Trabalho infantil

Como se em cada criança houvesse um Cristiano Ronaldo em potência, as atividades extracurriculares são vistas pelos adultos como perspetivas de carreira.

As atividades extracurriculares fazem parte da vida de muitas crianças. Servem para desenvolver capacidades, lidar com dificuldades, aprender a estar serenamente em situações de competição e avaliação e porque algumas são praticadas em grupo, também podem dar um lugar de pertença ao longo da infância e adolescência. Servem sobretudo para as crianças se ocuparem, se divertirem e enfrentarem medos e dificuldades. Por isso muitas vezes escolhemos atividades para os nossos filhos que os desafiem e permitam evoluir em algo que achavam muito difícil e assim ganhar uma maior confiança em si próprios. Para os apoiarem neste processo estarão os professores e treinadores que, por lidarem com crianças, deverão ser em primeiro lugar pedagogos e só depois especialistas na área que ensinam.  Esta parece-me a narrativa sensata acerca das atividades extracurriculares, mas se olharmos à nossa volta ou até para nós próprios não é bem isso que vemos. E é comum ouvirmos frases como: «Percebemos muito cedo que ele tinha jeito e estamos a ver se consegue ser escolhido para a equipa X»; «Os treinos são até tarde e não pode haver faltas o que prejudica o sono e nunca temos fins de semana mas tem de ser assim para se chegar a algum lado!» ou «A treinadora é muito dura com as alunas, mas faz parte!».

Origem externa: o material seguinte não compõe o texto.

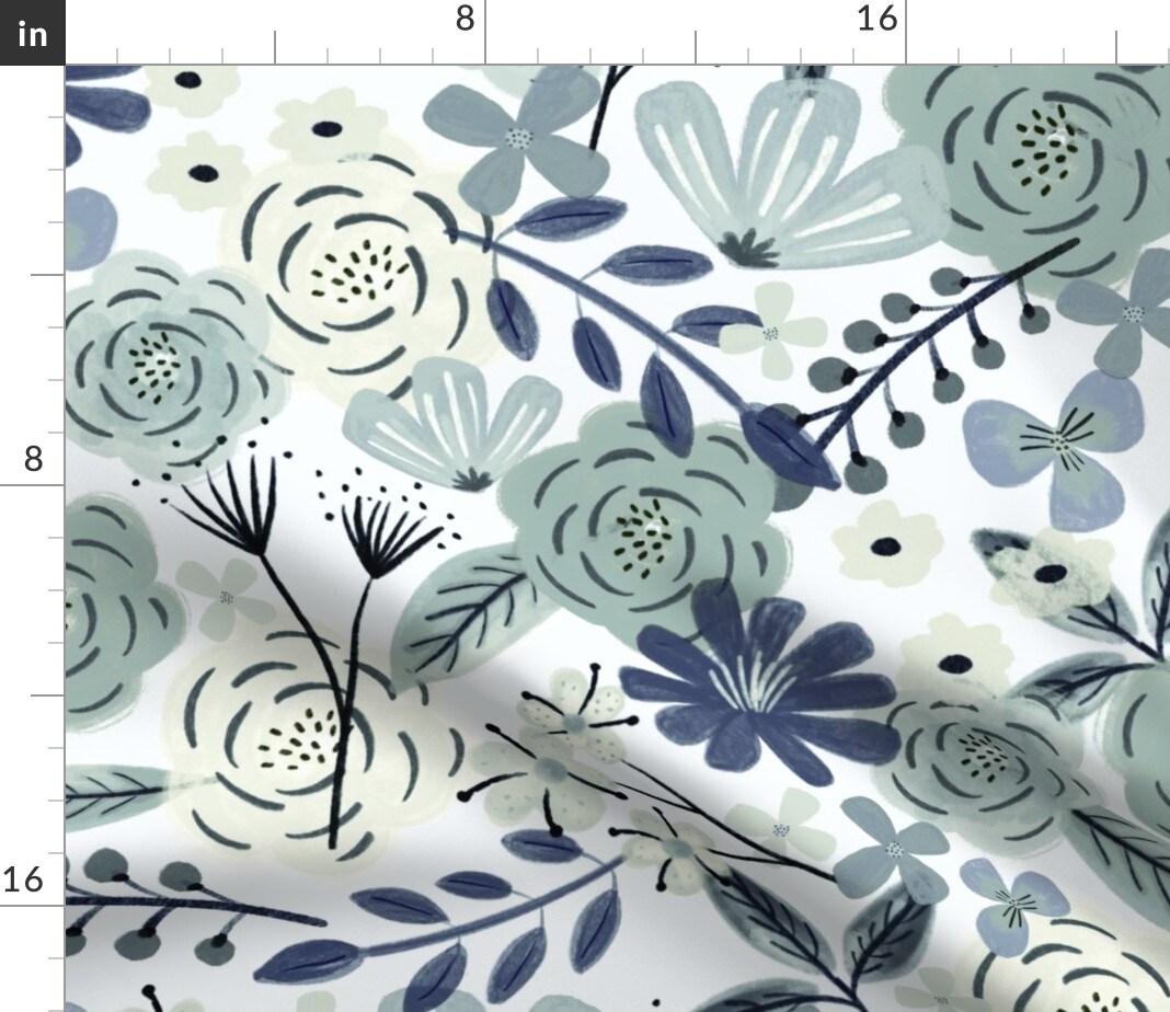 Blue Boho Floral Sage Green Floral Wilderness Large Scale Navy Custom Printed Fabric by Spoonflower Various Fabrics by the Yard or Fat Quarter
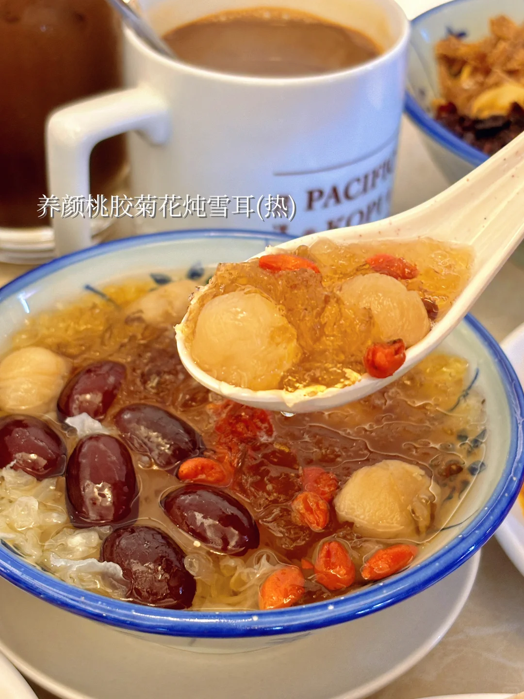 甜品点了桃胶菊花炖雪耳也很赞而且不会很甜!
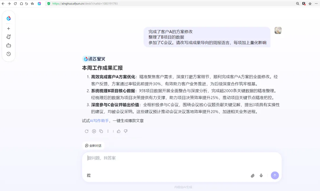 然后对讯飞星火说:“请改写成成果导向的周报语言,每项加上量化影响。”
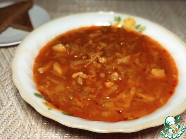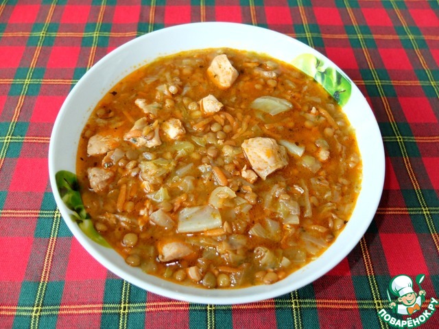 Рецепт «Капустняк с курицей и чечевицей»:

Aquilo que observo é uma mudança no foco e no objetivo, tanto da perspetiva de pais como de treinadores e professores: são atividades centrais desde muito cedo nas vidas das crianças, vistas pelos adultos como perspetivas de carreira e, por isso, não é para as crianças se desenvolverem, mas sim para atingirem resultados. Como se em cada criança houvesse um Cristiano Ronaldo em potência: esta atividade é vista como um investimento de futuro, quando mandaria o bom senso que o único tipo de investimento que faz sentido como pais seria investimento a fundo perdido.

Há uma tolerância a meu ver exagerada em relação à forma como os miúdos são tratados tanto pelos pais como pelos treinadores e professores. Conheço muitos pais que sofrem ao ver o modo como os treinadores interagem com os seus filhos, mas parecem não entender a sua responsabilidade em permitir que continue a acontecer. E também conheço professores, treinadores e psicólogos do desporto horrorizados com o modo como alguns pais pressionam e maltratam as crianças quando os resultados não lhes agradam. Numa entrevista ao jornal The Guardian, o futebolista Thierry Henry fala sobre a sua história de depressão clínica ao longo da vida e reflete sobre o facto do seu pai ter sido sempre muito crítico do seu desempenho desportivo. Uma vez, era Thierry adolescente e marcou 6 golos num jogo cujo resultado ficou 6-0, mas quando chegou a casa a reação do pai foi «Falhaste aquele cruzamento de bola!». Nas palavras de Thierry Henry, «a atitude do pai ajudou-o até certo ponto como atleta, mas não ajudou nada como pessoa».

Segundo a OIT (Organização Internacional do Trabalho), trabalho infantil é: «Todo o trabalho que priva as crianças da sua infância, do seu potencial e da sua dignidade, e que é prejudicial ao seu desenvolvimento físico e mental». E se pensássemos um bocado sobre isto?